__DATA SHOWN__:
================================
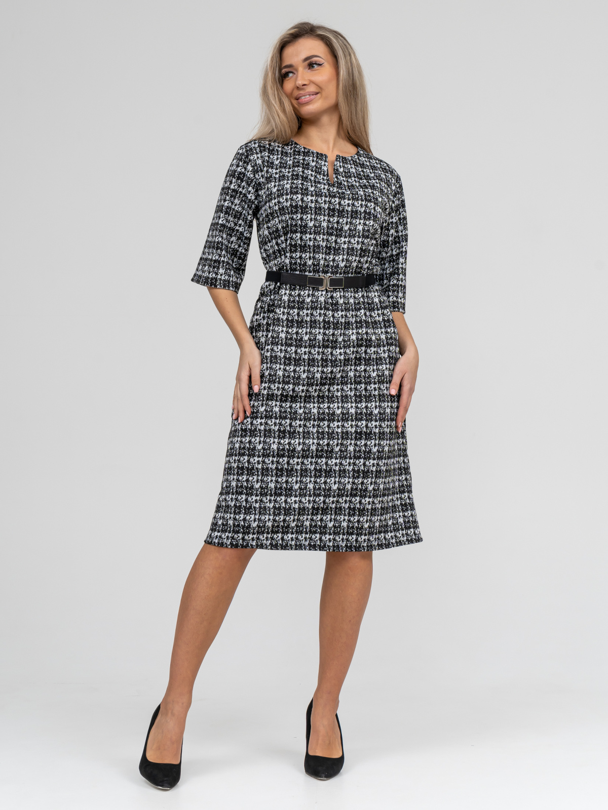 Это прекрасное платье сочетает в себе элегантность и сдержанность. Благодаря своему удлиненному крою и миди-длине, оно подойдет как для повседневного образа, так и для офисных деловых встреч.
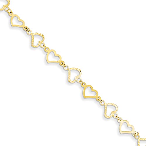 Roy Rose Jewelry 14K Yellow Gold Flat Diamond Cut Open Hearts Bracelet ~ Length 7.25'' inches
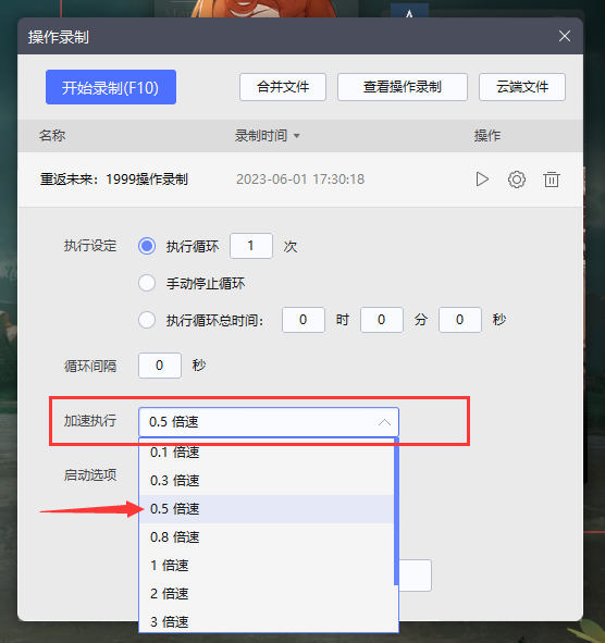 ①对于时长比较久的关卡,可以选择0.5倍速执行
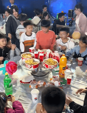 10月21日,视频拍摄者胡先生告诉潇湘晨报记者,此次酒席是参加朋友家小孩子的生日,给小朋友单独准备了两桌肯德基,桌面上摆满了汉堡、薯条、炸鸡、披萨,“小朋友吃的非常开心,坐在一起不哭不闹”,同时,胡先生也表示:考虑得太周到了,下次也这样做!
================================
__DESCRIPTION OF THE TASK__: Find the line that contains "①对于时长比较久的关卡,可以选择0.5倍速执行" and repeat it, along with every line after it to the end of the data, exactly; drop the pictures.

__EXERCISE ANSWER__:
 ①对于时长比较久的关卡,可以选择0.5倍速执行
 10月21日,视频拍摄者胡先生告诉潇湘晨报记者,此次酒席是参加朋友家小孩子的生日,给小朋友单独准备了两桌肯德基,桌面上摆满了汉堡、薯条、炸鸡、披萨,“小朋友吃的非常开心,坐在一起不哭不闹”,同时,胡先生也表示:考虑得太周到了,下次也这样做!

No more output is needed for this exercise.